January 2nd, 2010

The relationship I have with food has always been complicated. I’ve been an emotional eater since early childhood. I’ve been as much as 150 pounds overweight and am currently 40 pounds heavier than I’d like to be.

My mother’s type I diabetes meant that in my household: food = life. When her blood sugar would take a dive, we fed her a cookie or orange juice. What I learned was that when scary things happen ingest sugar!

At various times in my life I’ve eschewed:
Processed food
Red meat
All meat
Fat
Dairy

None of these ever created permanent weight loss unfortunately and over time I gradually drifted back into eating all of these food types.

I named this post for a quote out of a Police song: “When the World is Running Down.” ‘Same food for years and years, I hate the food I eat.’

As of late, the food I’ve been eating now hates me back.

In October I “suddenly” developed gluten intolerance. I say “suddenly” because for 18+ months I’d been having symptoms that I thought were other things. But when I developed pain so acute I thought I might die and my sister (the poster child for all things “non-mainstream food plans”) suggested that I try cutting gluten from my diet I didn’t even know what gluten was.

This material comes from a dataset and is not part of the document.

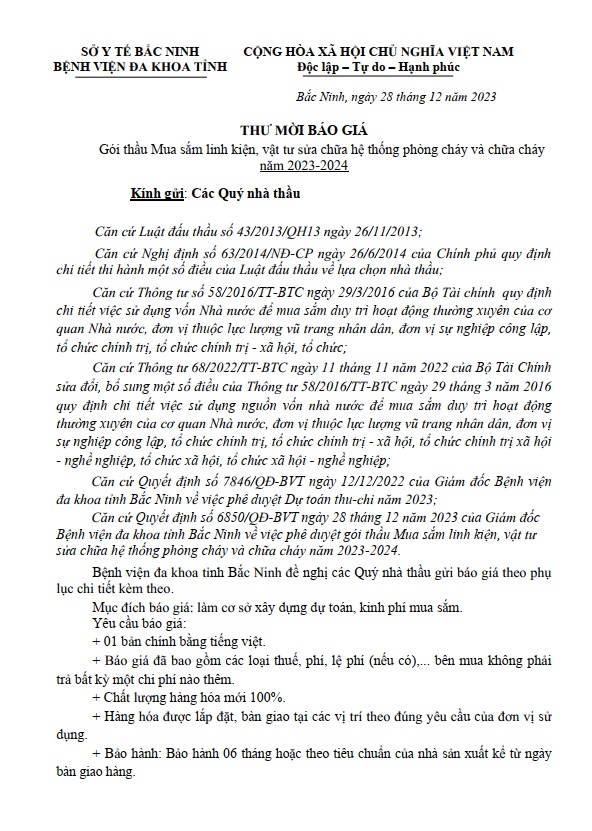 Thư mời báo giá Gói thầu Mua sắm linh kiện, vật tư sửa chữa hệ thống phòng cháy và chữa cháy năm 2023-2024

How many of you know what gluten is? Basically it is all wheat and barley products. Gluten is in the usual places you’d expect to find wheat: pasta, bread, cereal and virtually all baked goods.

Even more insidious are the places you wouldn’t necessarily suspect to find gluten: almost every frozen prepared meal, soy sauce, some ice cream, some chicken broth, some prepared frosting, beer, meat replacements such as veggie burgers and even in my favorite green enchilada sauce.

Off of my dining list:
Neighborhood bakery
Takeout pizza
Pad Thai at my favorite Asian restaurant
Eggplant Parmesan (bread crumbs)
Gourmet hamburgers or grilled brats (pesky little bun)

If you consider what the typical American eats and having to cut out all wheat products, basically my dietary choices are honed to the following:
Animal meat
Legumes/beans
Oil
Rice
Nuts
Produce
Wine (so all is not lost)

What about diary? You might be thinking. Is there gluten in milk??

No actually, there isn’t. But I couldn’t just develop gluten intolerance, could I? Suddenly I developed a dairy intolerance as well.

You’d have thought I’d have dropped 10 pounds since I could no longer eat bread, milk, cheese or anything processed. But instead I gained 15 pounds. Perhaps eating almond butter by the spoonful wasn’t the best idea….

Did you know that there is such a thing as Gluten Withdrawal?

There is.

Imagine the worst gut wrenching (literally, like someone was twisting my insides) pain, almost explosive flatulence (sorry, real life isn’t always pretty), heartburn, acid reflux, a headache that felt like a I had a steel band around the front half of my head and dizziness and vertigo every time I stood up.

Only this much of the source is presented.